:: Provided material
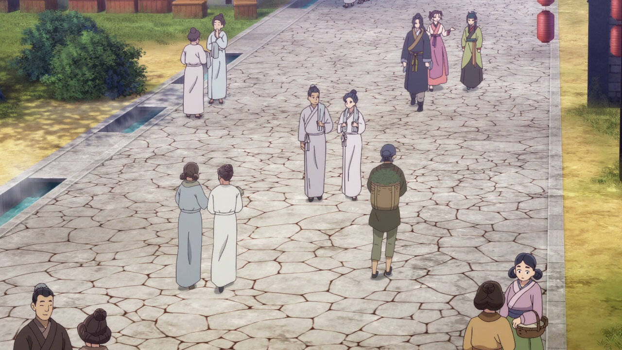 After a who knows how long journey, the girls end up in the boonies in- a hot spring town. Another unexpected development. I hope they let Mao Mao take a dip- hot springs would sure be one comfort amidst the stress of being kidnapped. It seems that this town is either the sisters’ home town or maybe a vacation home- one of the rich boys in the area knows them quite well. The impudent little brat (or little shit as Mao Mao refers to him lol) knows them quite well. Their visit is quite the surprise to him and he rushes to gather materials so they can celebrate in the upcoming festival. Shisui is quite the wildcard- she has kind side to her, from how she makes the kid thank the servant for her work, and she strikes me as a bit whimsical- she’s not someone I would have initially expected prior to last week to be involved as a spy and (presumably) co-conspirator in a nefarious plan. But that’s the point- it wouldn’t have gone off as well (for the conspirators) if she wasn’t.
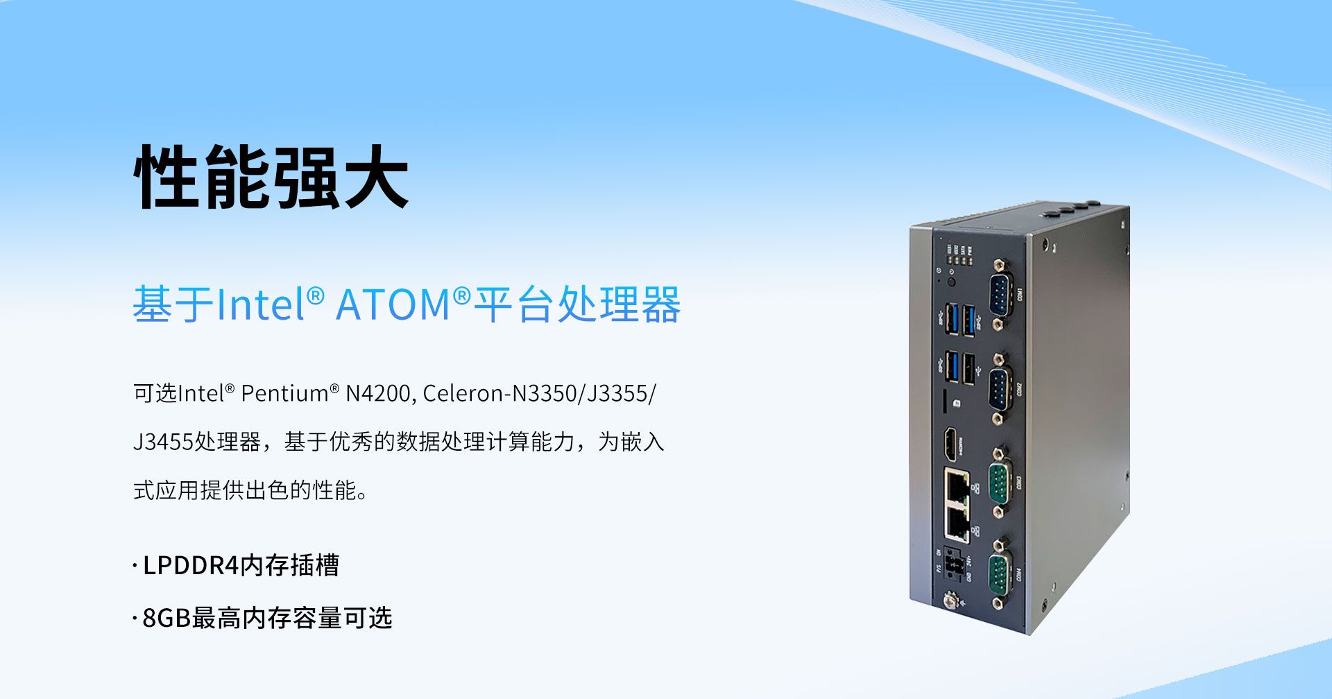 产品分类:超紧凑迷你型;处理器:Intel Apollo Lake SoC处理器;内存:LPDDR4(Max. 8GB);网络:N/A;环境温度:Industrial range。以上参数可用于项目初筛与兼容性评估。
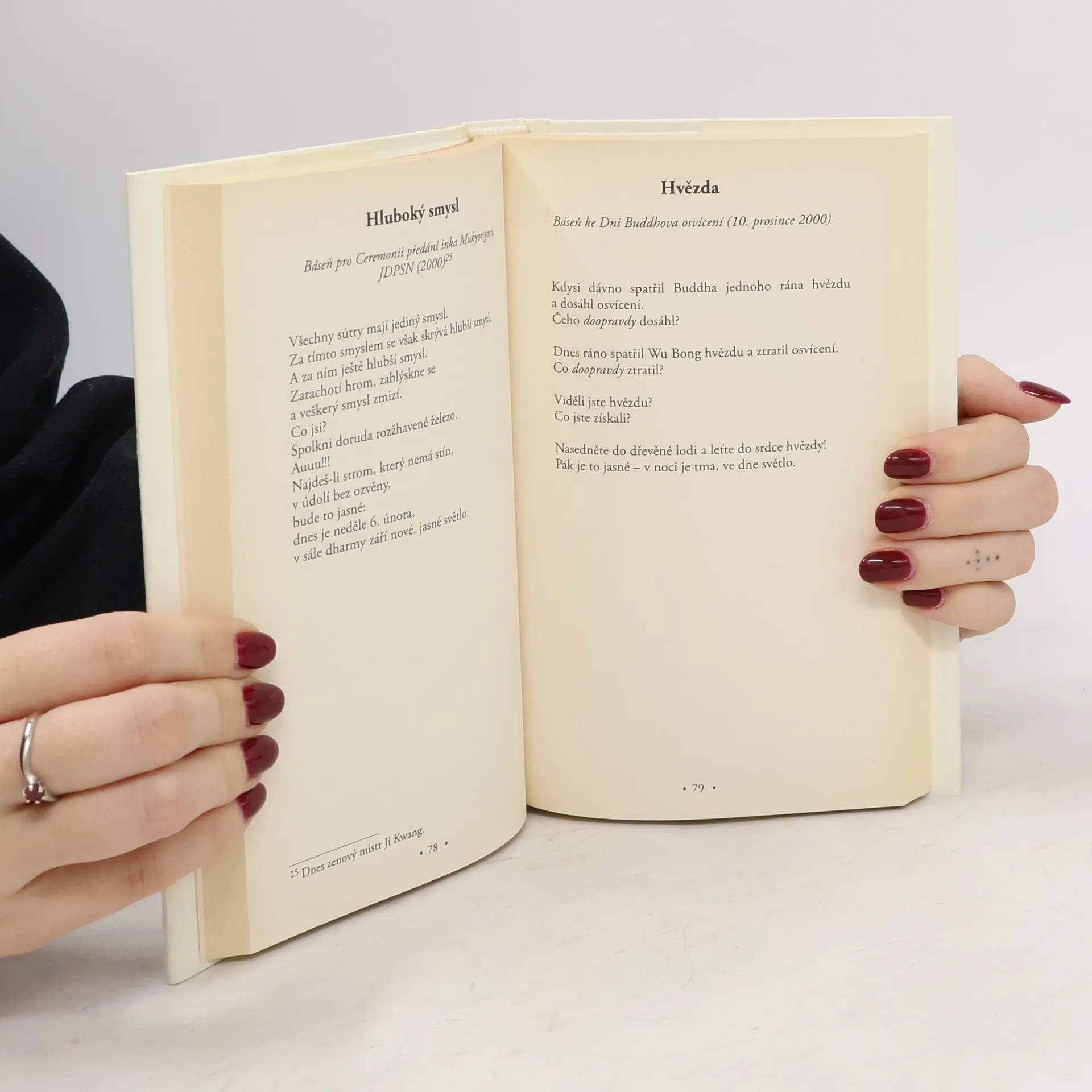 Učení zenového mistra Wu Bonga s poděkováním od studentů. V první z pěti částí této knížky najdete upřímné osobní příběhy a milé anekdoty od učitelů a studentů školy Kwan Um – jak se poprvé setkali se zenovým mistrem Wu Bongem a co s ním zažili. Druhá část přináší vynikající formální řeči dharmy, pronesené při různých příležitostech, ale i běžné proslovy, které zazněly například během meditačních ústraní. Ve třetí části najdete břitké, jasné, humorné a moudré odpovědi zenového mistra Wu Bonga na otázky studentů, čtvrtá část je rozhovor, v němž se dozvíte mnoho zajímavého o mistrově pozoruhodném životě. Skutečnou perlou je pak poslední oddíl nazvaný „Střípky moudrosti“, obsahující řeči dharmy, které vás zasáhnou v srdci.
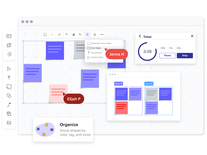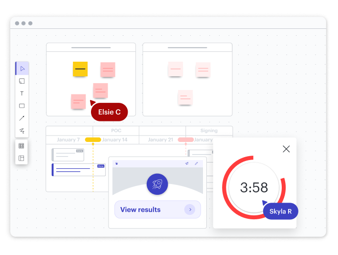 Aprovecha capacidades como actividades visuales, tableros para grupos pequeños y votación con temporizador para medir opiniones y llegar a un consenso como equipo. Logra la alineación y toma decisiones informadas más rápido.
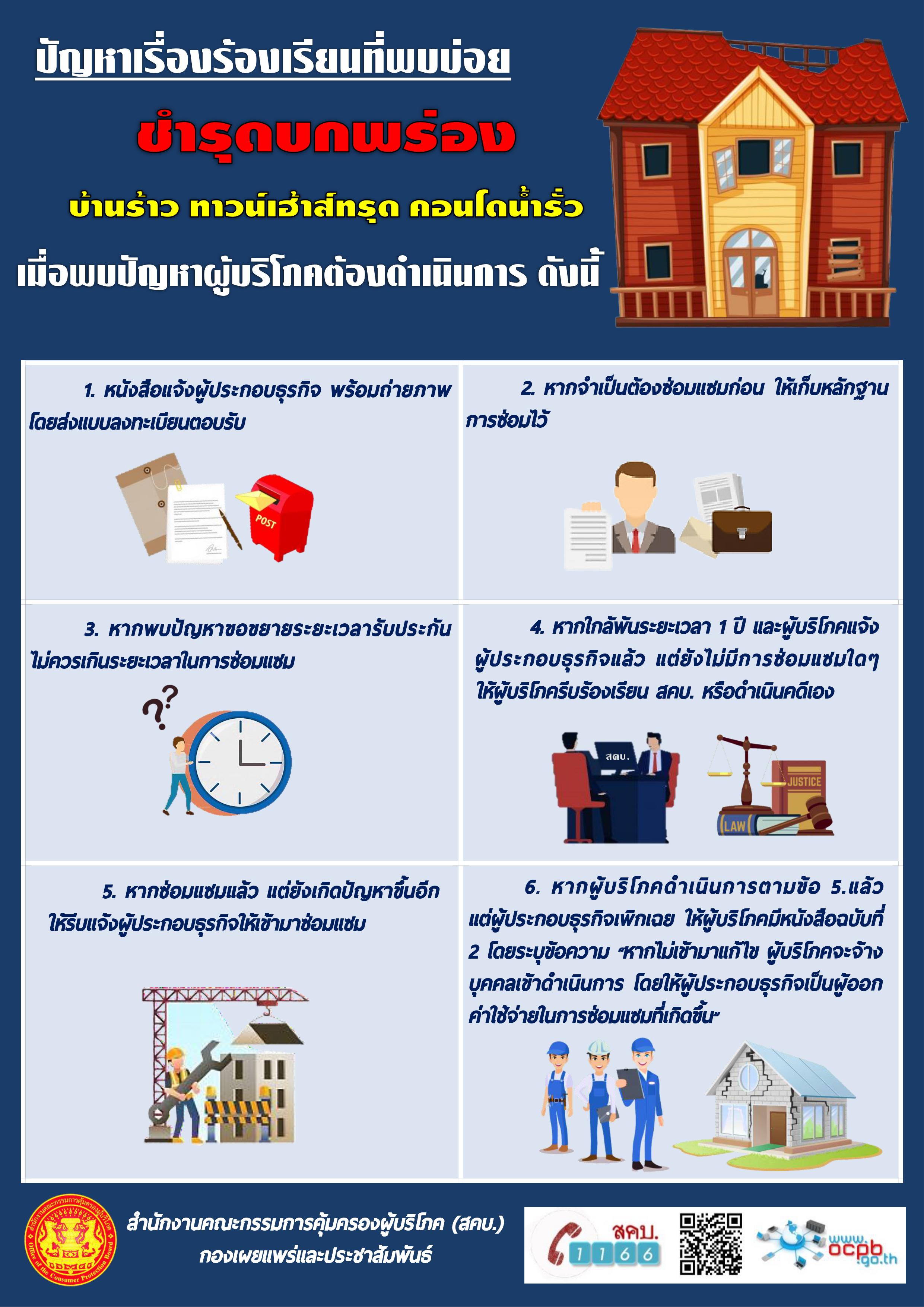 ปัญหาเรื่องร้องเรียนที่พบบ่อย ชำรุดบกพร่อง บ้านร้าว ทาวน์เฮ้าส์ทรุด คอนโดน้ำรั้ว เมื่อพบปัญหาผู้บริโภคต้องดำเนินการ ดังนี้
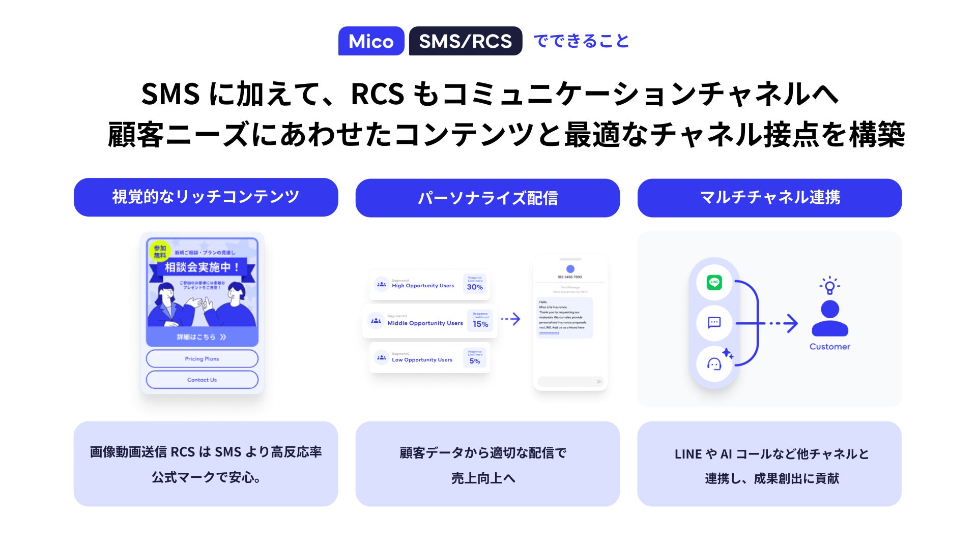 「Mico SMS/RCS」は、電話番号を起点に、高い到達率を誇るSMS(ショートメッセージサービス)と、画像や動画などのリッチコンテンツを送付可能なRCS(リッチコミュニケーションサービス)を活用し、企業と顧客のコミュニケーションをサポートします。
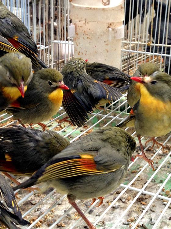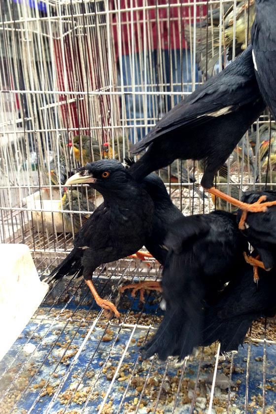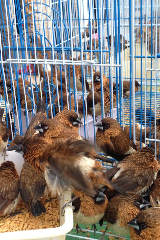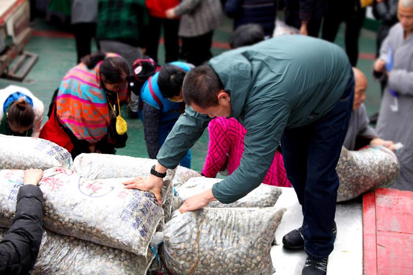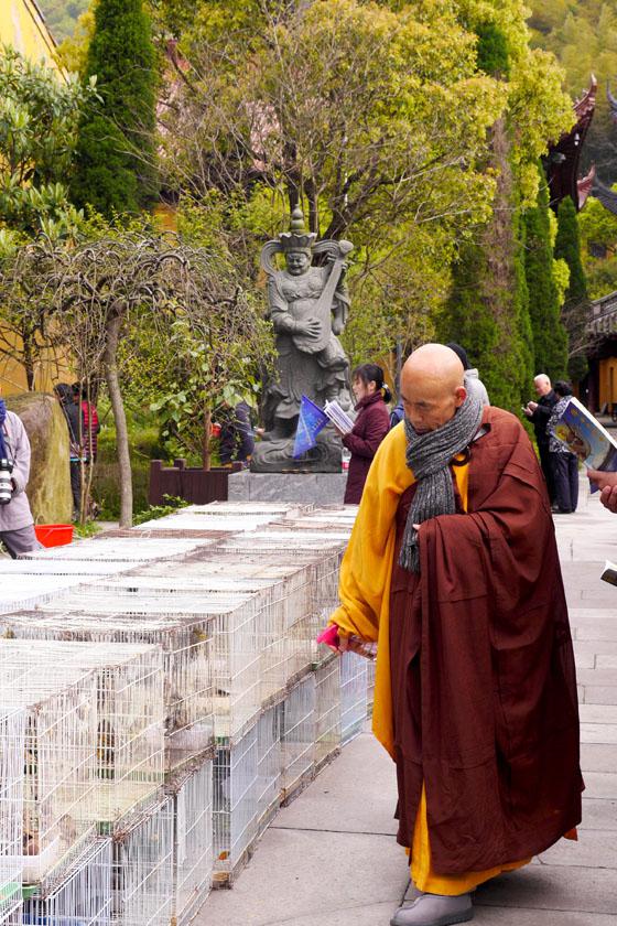 三圣殿前广场,有几十只大鸟笼,里面的鸟雀叽叽喳喳地叫着,期盼即将来临的解脱与自由。大者如八哥,小者如麻雀,上下扑腾,激动欢喜。山门外,有两卡车水族,静静卧在泡沫盒里,畅想海的味道。
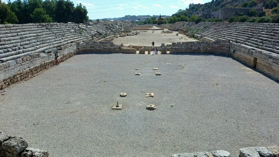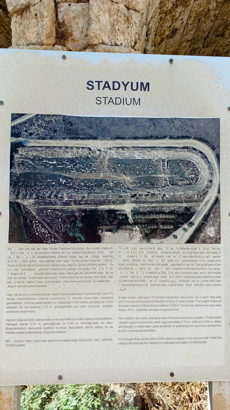 더 안쪽으로 걸음을 옮기자, 로마 시대 경기장이 눈앞에 나타난다. 반원형 관중석은 곳곳이 무너져 있었지만, 그 규모만으로도 이 도시가 한때 품었던 위엄을 보여준다. 길이 약 234 미터, 폭 약 34 미터에 이르는 거대한 경기장은 좌석 수가 약 12,000명 규모였다고 한다. 연속아치 구조물 위에 돌좌석이 겹겹이 쌓였고, 수많은 사람들이 경기장 안팎을 오가며 경쟁하고 환호했을 것이다. 이 경기장은 단순히 스포츠를 위한 공간이 아니었다. 검투사의 격투, 동물 사냥, 육상 경기 등 폭력과 오락이 뒤섞인 공간이었다. 그 시절의 페르게는 상인들의 외침과 검투사의 함성, 연극의 대사로 가득한 활기찬 도시였을 것이다. 지금은 잡초가 자란 돌길과 부서진 기둥만이 남아 조용히 그 시간을 증언하고 있다. J는 한동안 빈 경기장을 바라보았다. 마치 오래전 이곳을 가득 채운 함성의 메아리를 듣고 있는 사람처럼.
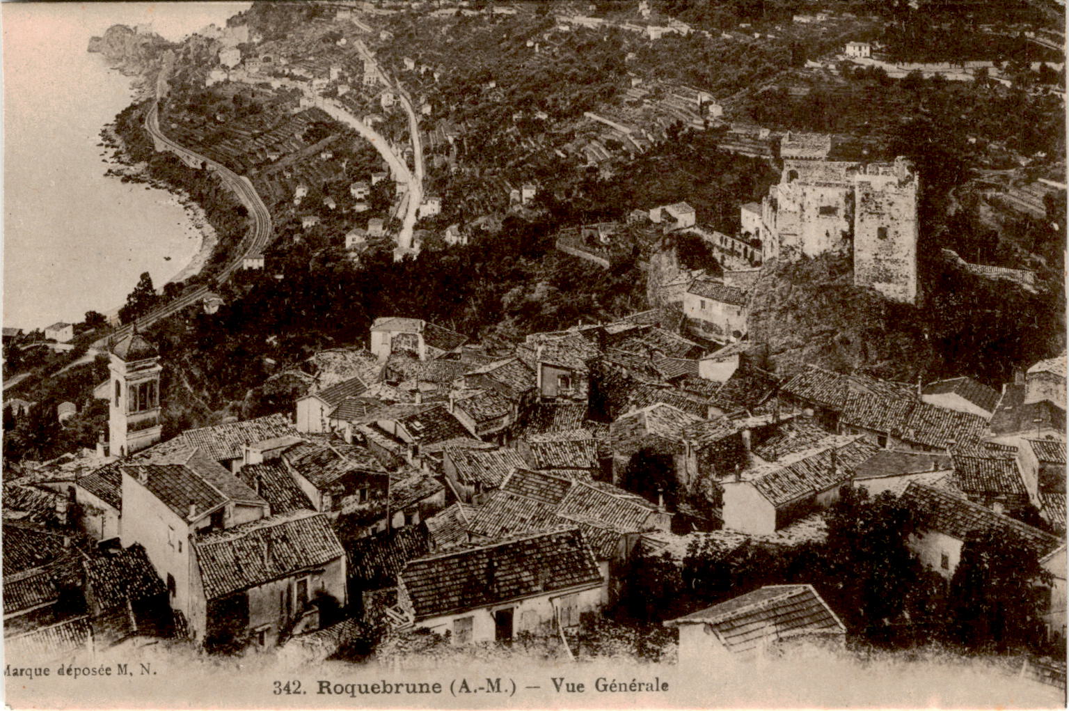 The postcard mentions a trademark Marque déposée M, N and a location Roquebrune (A.-M.) with a general view. Roquebrune is a commune located in the Alpes-Maritimes department in southeastern France. It is known for its picturesque setting overlooking the Mediterranean Sea and its medieval castle.
::::
> What the task asks
All of the material above must be given again verbatim, except for the pictures.

> Reply
 After a who knows how long journey, the girls end up in the boonies in- a hot spring town. Another unexpected development. I hope they let Mao Mao take a dip- hot springs would sure be one comfort amidst the stress of being kidnapped. It seems that this town is either the sisters’ home town or maybe a vacation home- one of the rich boys in the area knows them quite well. The impudent little brat (or little shit as Mao Mao refers to him lol) knows them quite well. Their visit is quite the surprise to him and he rushes to gather materials so they can celebrate in the upcoming festival. Shisui is quite the wildcard- she has kind side to her, from how she makes the kid thank the servant for her work, and she strikes me as a bit whimsical- she’s not someone I would have initially expected prior to last week to be involved as a spy and (presumably) co-conspirator in a nefarious plan. But that’s the point- it wouldn’t have gone off as well (for the conspirators) if she wasn’t.
 产品分类:超紧凑迷你型;处理器:Intel Apollo Lake SoC处理器;内存:LPDDR4(Max. 8GB);网络:N/A;环境温度:Industrial range。以上参数可用于项目初筛与兼容性评估。
 Učení zenového mistra Wu Bonga s poděkováním od studentů. V první z pěti částí této knížky najdete upřímné osobní příběhy a milé anekdoty od učitelů a studentů školy Kwan Um – jak se poprvé setkali se zenovým mistrem Wu Bongem a co s ním zažili. Druhá část přináší vynikající formální řeči dharmy, pronesené při různých příležitostech, ale i běžné proslovy, které zazněly například během meditačních ústraní. Ve třetí části najdete břitké, jasné, humorné a moudré odpovědi zenového mistra Wu Bonga na otázky studentů, čtvrtá část je rozhovor, v němž se dozvíte mnoho zajímavého o mistrově pozoruhodném životě. Skutečnou perlou je pak poslední oddíl nazvaný „Střípky moudrosti“, obsahující řeči dharmy, které vás zasáhnou v srdci.
 Aprovecha capacidades como actividades visuales, tableros para grupos pequeños y votación con temporizador para medir opiniones y llegar a un consenso como equipo. Logra la alineación y toma decisiones informadas más rápido.
 ปัญหาเรื่องร้องเรียนที่พบบ่อย ชำรุดบกพร่อง บ้านร้าว ทาวน์เฮ้าส์ทรุด คอนโดน้ำรั้ว เมื่อพบปัญหาผู้บริโภคต้องดำเนินการ ดังนี้
 「Mico SMS/RCS」は、電話番号を起点に、高い到達率を誇るSMS(ショートメッセージサービス)と、画像や動画などのリッチコンテンツを送付可能なRCS(リッチコミュニケーションサービス)を活用し、企業と顧客のコミュニケーションをサポートします。
 三圣殿前广场,有几十只大鸟笼,里面的鸟雀叽叽喳喳地叫着,期盼即将来临的解脱与自由。大者如八哥,小者如麻雀,上下扑腾,激动欢喜。山门外,有两卡车水族,静静卧在泡沫盒里,畅想海的味道。
 더 안쪽으로 걸음을 옮기자, 로마 시대 경기장이 눈앞에 나타난다. 반원형 관중석은 곳곳이 무너져 있었지만, 그 규모만으로도 이 도시가 한때 품었던 위엄을 보여준다. 길이 약 234 미터, 폭 약 34 미터에 이르는 거대한 경기장은 좌석 수가 약 12,000명 규모였다고 한다. 연속아치 구조물 위에 돌좌석이 겹겹이 쌓였고, 수많은 사람들이 경기장 안팎을 오가며 경쟁하고 환호했을 것이다. 이 경기장은 단순히 스포츠를 위한 공간이 아니었다. 검투사의 격투, 동물 사냥, 육상 경기 등 폭력과 오락이 뒤섞인 공간이었다. 그 시절의 페르게는 상인들의 외침과 검투사의 함성, 연극의 대사로 가득한 활기찬 도시였을 것이다. 지금은 잡초가 자란 돌길과 부서진 기둥만이 남아 조용히 그 시간을 증언하고 있다. J는 한동안 빈 경기장을 바라보았다. 마치 오래전 이곳을 가득 채운 함성의 메아리를 듣고 있는 사람처럼.
 The postcard mentions a trademark Marque déposée M, N and a location Roquebrune (A.-M.) with a general view. Roquebrune is a commune located in the Alpes-Maritimes department in southeastern France. It is known for its picturesque setting overlooking the Mediterranean Sea and its medieval castle.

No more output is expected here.